百合多糖提取及成分分析作者：张国强，杨正平来源：《湖北农业科学》 2012年第15期张国强，杨正平（安阳工学院生物与食品工程学院，河南安阳４５５０００）摘要：采用水提醇沉法提取百合（Ｂｕｌｂｕｓｌｉｌｉｉ）中的多糖成分，Ｓｅｖａｇｅ法除蛋白质，凝胶色谱法进行多糖纯化，制备３－甲基－１－苯基－２－吡唑啉酮（ＰＭＰ）衍生物进行高效液相色谱分析。

结果表明，百合多糖由鼠李糖、阿拉伯糖、葡萄糖、木糖、半乳糖５种单糖组成，其含量分别为４．８２％、１２．７９％、４７．０２％、１３．０１％、２２．３６％。
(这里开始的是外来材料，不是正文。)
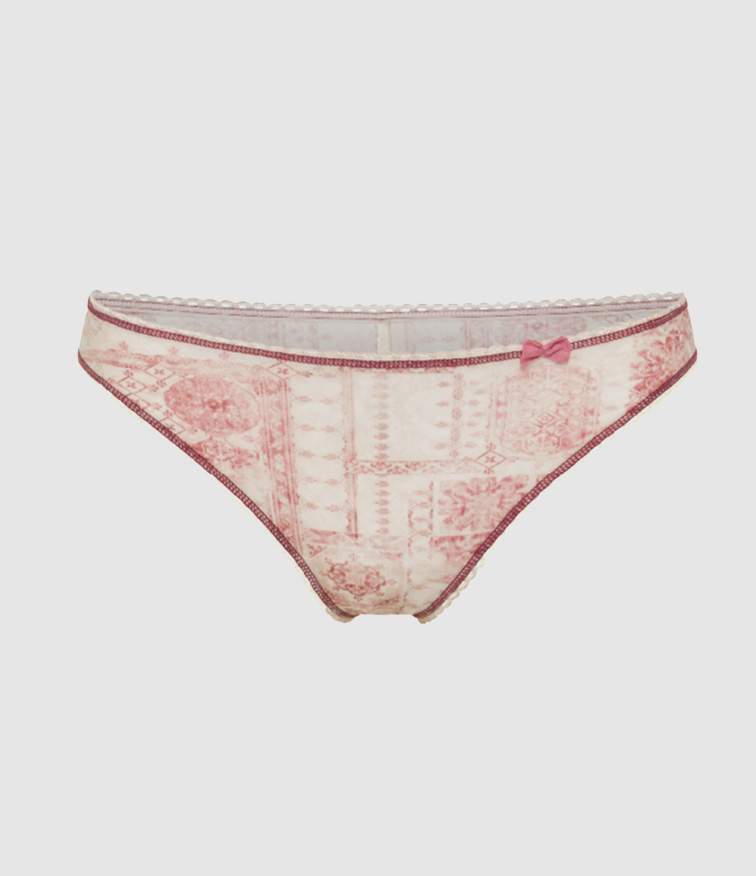 Culotte intemporelle modèle « brésilienne » en stretch doux, dans les imprimés exclusifs Momonì, orné de passementeries élastiques et d’un nœud dans une couleur contrastante
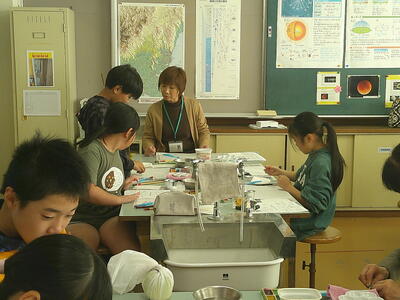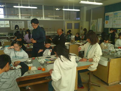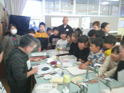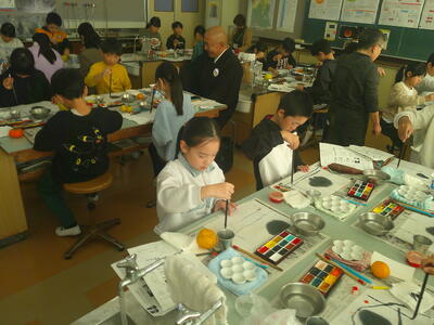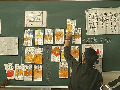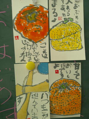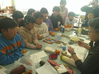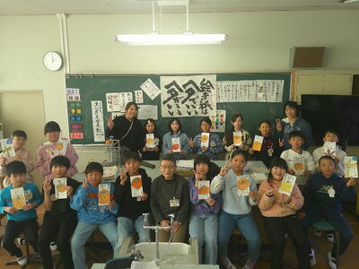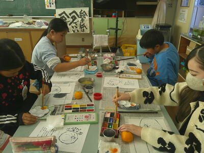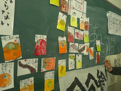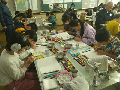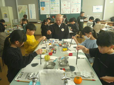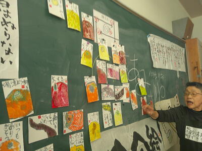 4,5年生は、絵手紙講師 鈴木啓子氏の指導助言のもと、湯津上地区に住む高齢者へ贈る絵手紙を制作しました。
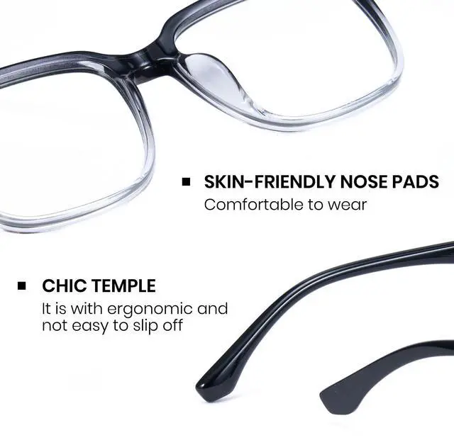 Durable TR90 Frame: Crafted from ultra-lightweight TR90 material, these oversized square glasses are designed for all-day wear without pressure. The flexible frame gently adapts to your face, reducing temple tension and preventing nose bridge marks. At just a feather-light weight, they deliver lasting comfort whether youre working, studying, or relaxing. ^^
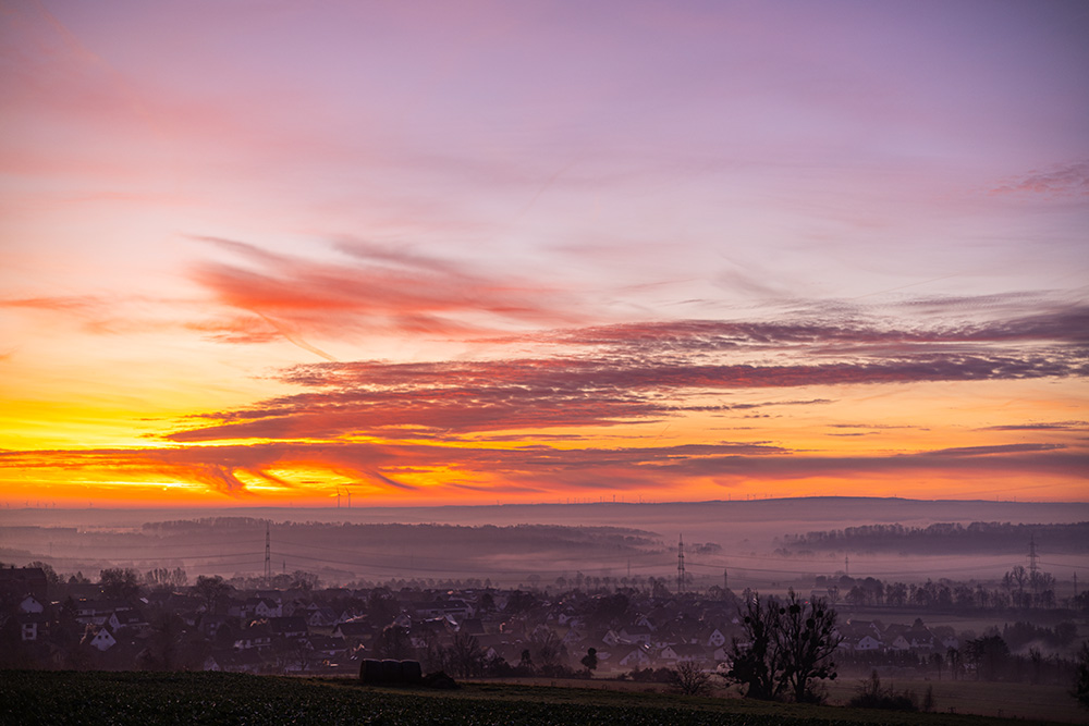 Am heutigen vierten Advent gab es in Kirchhain wieder ein Morgenrot, wenn auch nicht ganz so kräftig wie zuletzt:
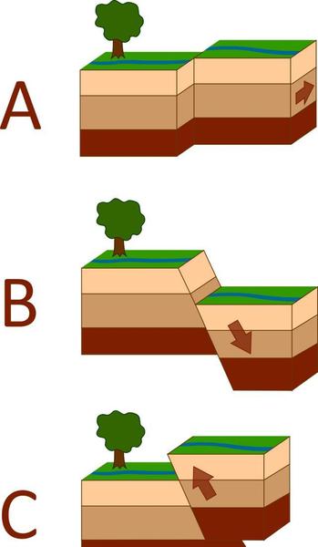 浅层地震是断层作用的结果,有三种断层:A.滑移;B.正向;C.逆向。但在地表约50公里以下,高温高压条件抑制了地震活动,因为地幔是粘性的所以不能发生脆性的断裂。但是,在俯冲带中,可观察深达670公里的地震。
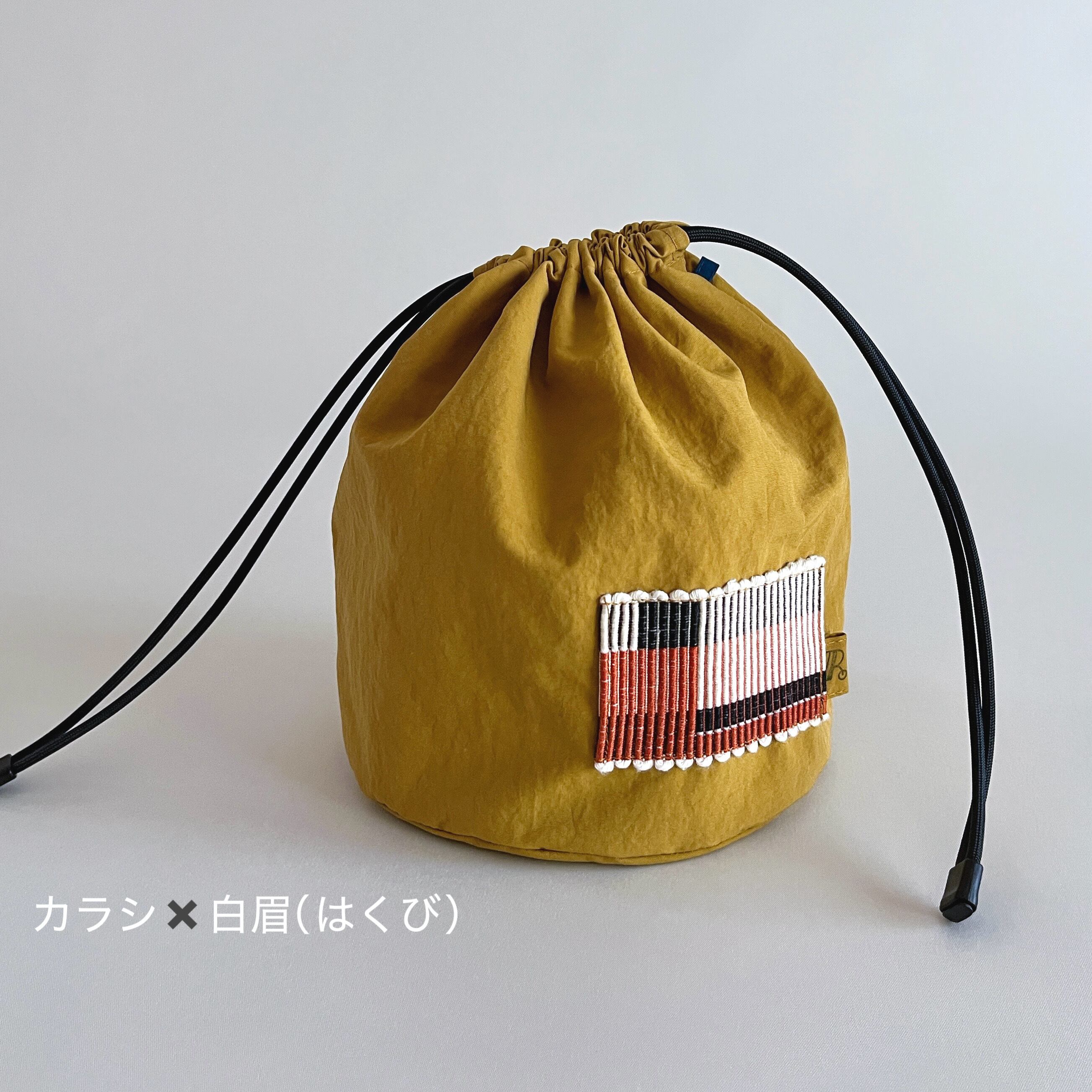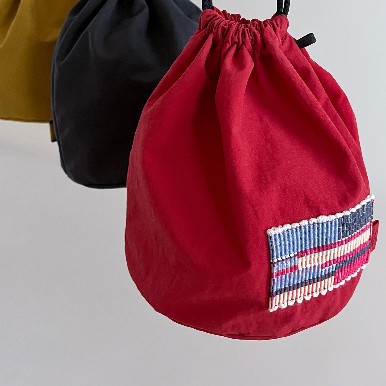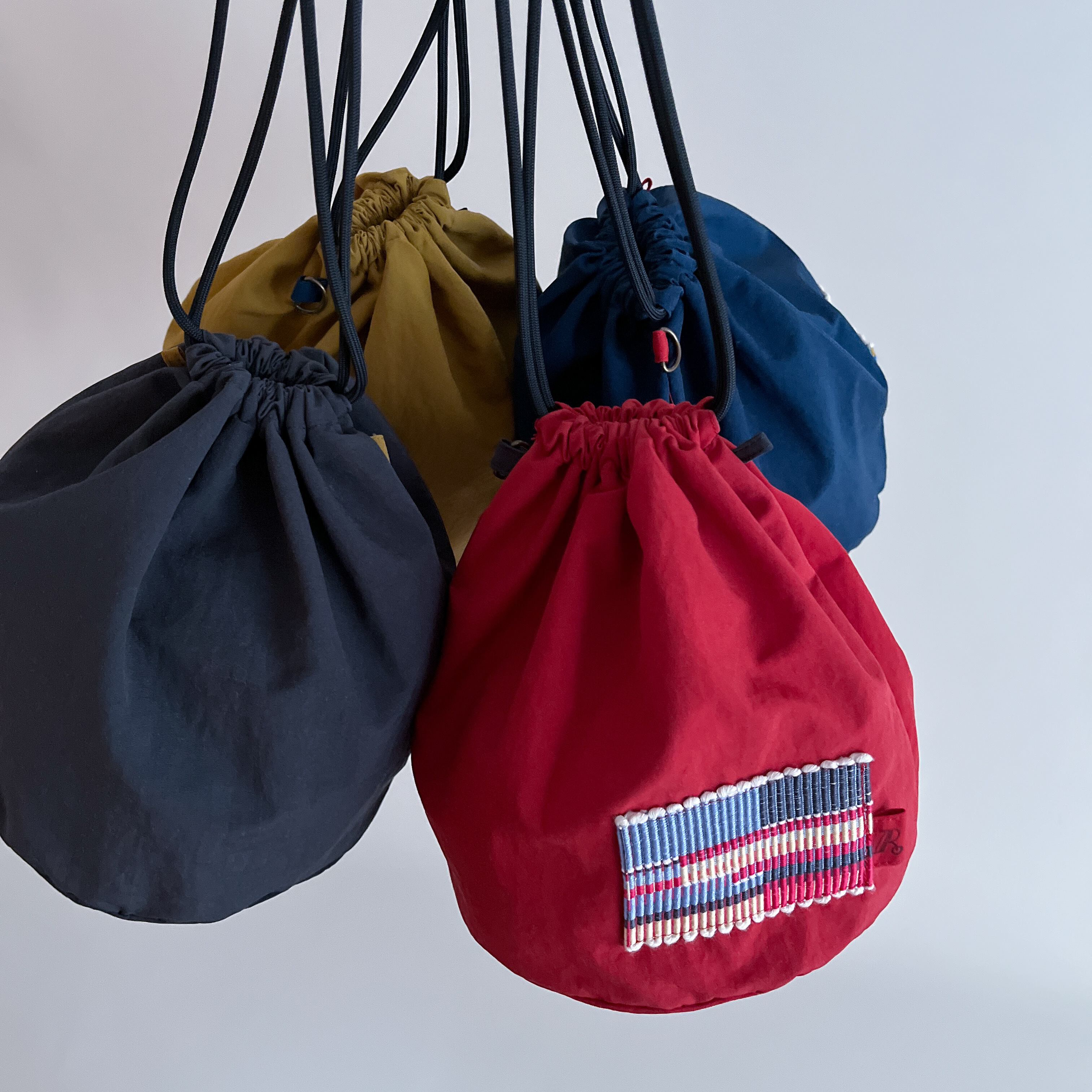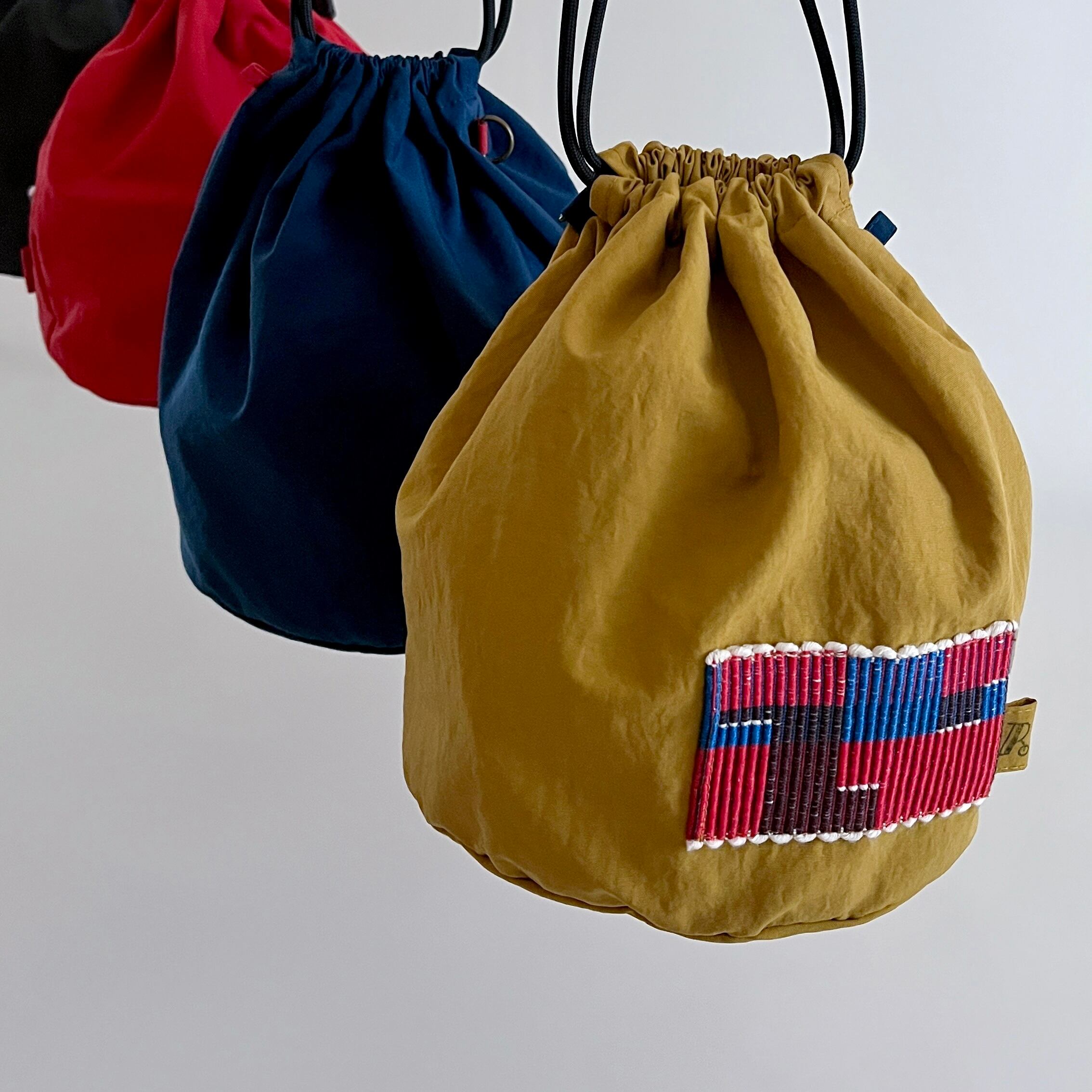 色鮮やかな巾着は まんまるな底の為、

关键词：百合（Ｂｕｌｂｕｓｌｉｌｉｉ）；多糖；提取；成分分析中图分类号：Ｒ２８４．２文献标识码：Ａ文章编号：0439－８114（２０12）15－3298-02ＥｘｔｒａｃｔｉｏｎａｎｄＣｏｍｐｏｓｉｔｉｏｎＡｎａｌｙｓｉｓｏｆＰｏｌｙｓａｃｃｈａｒｉｄｅｓｉｎＢｕｌｂｕｓｌｉｌｉｉＺＨＡＮＧＧｕｏ－ｑｉａｎｇ，ＹＡＮＧＺｈｅｎｇ－ｐｉｎｇ（ＳｃｈｏｏｌｏｆＢｉｏｔｅｃｈｎｏｌｏｇｙａｎｄＦｏｏｄ，ＡｎｙａｎｇＩｎｓｔｉｔｕｔｅｏｆＴｅｃｈｎｏｌｏｇｙ，Ａｎｙａｎｇ４５５０００，Henan，Ｃｈｉｎａ）Ａｂｓｔｒａｃｔ：ＰｏｌｙｓａｃｃｈａｒｉｄｅｗａｓｅｘｔｒａｃｔｅｄａｎｄｉｓｏｌａｔｅｄｆｒｏｍＢｕｌｂｕｓｌｉｌｉｉｂｙｗａｔｅｒｅｘｔｒａｃｔｉｎｇ－ａｌｃｏｈｏｌｐｒｅｃｉｐｉｔａｔｉｎｇｍｅｔｈｏｄａｎｄｐｕｒｉｆｉｅｄｂｙＳｅｖａｇｅｍｅｔｈｏｄａｎｄｇｅｌｐｅｒｍｅａｔｉｏｎｃｈｒｏｍａｔｏｇｒａｐｈｙ．ＴｈｅｃｏｍｐｏｎｅｎｔｓｏｆｔｈｅｐｏｌｙｓａｃｃｈａｒｉｄｅｗｅｒｅｉｄｅｎｔｉｆｉｅｄａｎｄｑｕａｎｔｉｆｉｅｄｂｙＨＰＬＣｏｆｔｈｅＰＭＰｄｅｒｉｖａｔｉｖｅｓ．ＴｈｅｒｅｓｕｌｔｓｓｈｏｗｅｄｔｈａｔｔｈｅｍａｉｎｍｏｎｏｓａｃｃｈａｒｉｄｅｓｃｏｎｔａｉｎｅｄｉｎＢ. ｌｉｌｉｉｐｏｌｙｓａｃｃｈａｒｉｄｅｗｅｒｅｒｈａｍｎｏｓｅ，ａｒａｂｉｎｏｓｅ，ｇｌｕｃｏｓｅ，ｘｙｌｏｓｅａｎｄｇａｌａｃｔｏｓｅ，ｗｉｔｈｃｏｎｔｅｎｔｏｆ４．８２％，１２．７９％，４７．０２％，１３．０１％ａｎｄ２２．３６％，ｒｅｓｐｅｃｔｉｖｅｌｙ．Ｋｅｙｗｏｒｄｓ：Ｂｕｌｂｕｓｌｉｌｉｉ；ｐｏｌｙｓａｃｃｈａｒｉｄｅ；extraction；ｃｏｍｐｏｎｅｎｔａｎａｌｙｓｉｓ百合（Ｂｕｌｂｕｓｌｉｌｉｉ）是百合科百合属多年生草本球根植物［１］，其味甘、微苦，具有补益心肺、调理脾胃、清热止痰之功效，对体虚肺弱、慢性支气管炎、肺气肿、肺结核及神经衰弱、失眠、高血压、胃溃疡等有一定疗效［２］，是传统的药食同源植物。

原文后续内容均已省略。